持ち運び可能であることを意味するポータブル(portable)の頭にも、portという表現がありますね。もういっぽうのfolioの部分は「一枚の紙」という意味があります。
これらが合わさって「紙を持ち運ぶもの」、すなわち「紙ばさみ」や「書類かばん」の意味を持つようになったのです。
これが転じて、ポートフォリオは様々なジャンルでも使われる言葉となりました。
例えば教育分野では「生徒を評価するための資料を、生徒毎にひとまとめにしたもの」や「その資料集を使った評価方法」のことをポートフォリオと呼びます。
またライターやファッションモデルなどが活躍するクリエイティブ分野では「自分を宣伝するために自分の作品をまとめた資料」のことをポートフォリオと呼びます。
以上のいずれも「複数の資料を一箇所にまとめている」というイメージで共通していますね。
また以上には「隠れた共通点」もあります。「ポートフォリオとは状況に応じて中身を更新するものである」という共通点です。
例えば、ライターが自分の仕事を出版社などにプレゼンするときは、その都度、最新の仕事を提示する必要があるかもしれません。

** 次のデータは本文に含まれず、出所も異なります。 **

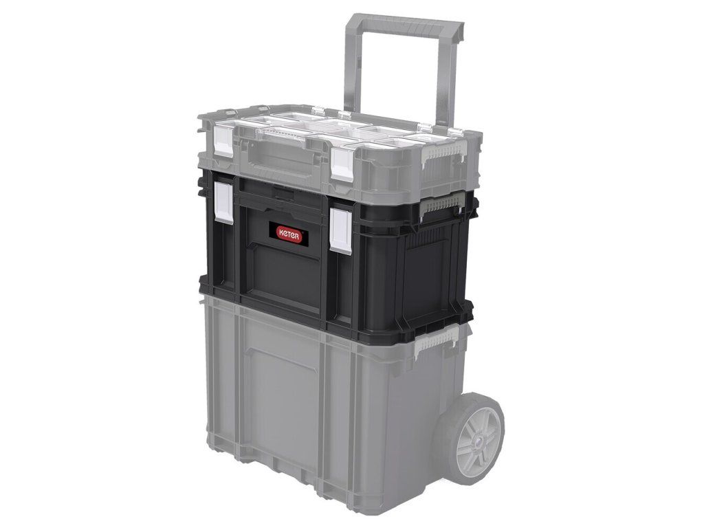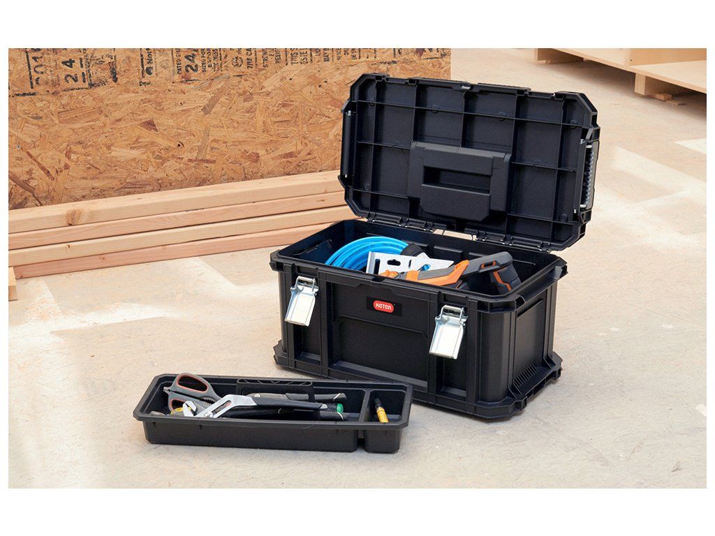 Uvnitř boxu nabízí dostatek místa pro běžné ruční nářadí, které snadno uložíte do prostorné vany a vyjímatelného tácu.

したがってそのライターは、ポートフォリオの内容を最新情報に「組み替える」必要があるのです。
投資のポートフォリオも「組み替えるもの」
では投資のポートフォリオとは何でしょうか。端的に言えば「自分が持っている金融資産の一覧」のことです。
例えばある投資家が「A国の国債、国内B社の株式、海外C社の株式、Dファンド」を持っているとすると、その一覧がポートフォリオということになります。
冒頭の「ポートフォリオを組む」とは、まさにこのような金融資産の構成を、自分なりに作り上げることを意味しているわけです。
教育やクリエイティブのポートフォリオで「状況に応じて中身を更新」していたように、投資のポートフォリオも「経済状況の変化に応じて中身を更新する」ことが普通です。
例えば、より手堅く資産を守る目的で「株式を売って日本国債を買う」などの行為がありえます。逆に言えば、そういった組み換えができるからこそ、自分の持っている金融資産を「ポートフォリオ」と呼べるわけです。
ポートフォリオの関連語を押さえておくと、ポートフォリオの意味をもっと理解できるかもしれません。
例えば「ポートフォリオ運用」とは、複数の異なる銘柄に投資することによって、資産運用の安定化を図る方法のこと。
また「ポートフォリオ理論」とは、ポートフォリオ運用をより効率的に行うための方法論を指します。
またネット証券などで利用できる「保有銘柄を閲覧・管理できる機能」のことは「ポートフォリオ機能」とも言います。
具体的にどうポートフォリオを「組む」の?
このコラムにたどり着いた人の中には「ポートフォリオの意味じゃなくて、ポートフォリオの組み方を知りたい!」という人もいらっしゃるかもしれませんね。
本コラムの筆者は投資の専門家ではなく、言葉の専門家ですので、具体的なポートフォリオの構築方法ではなく、ポートフォリオを構築する際に手がかりになる「キーワード」だけ紹介しておきましょう。
そのキーワードとは「アセットアロケーション」(asset allocation)という言葉です。アセットアロケーションと直訳すると「資産配分」。
性質の似ている資産をグループで分けて(例:現金/国内株式/海外株式/国内債権/海外債権など)、自分の運用方針に従ってそれぞれのグループに投資する割合を決めるやり方を指します。
投資の世界では「運用成果の大半はアセットアロケーションで決まる」とも言われます。ポートフォリオの組み方を知りたい人は、まずはアセットアロケーションについて調べてみるのが良いのではないでしょうか。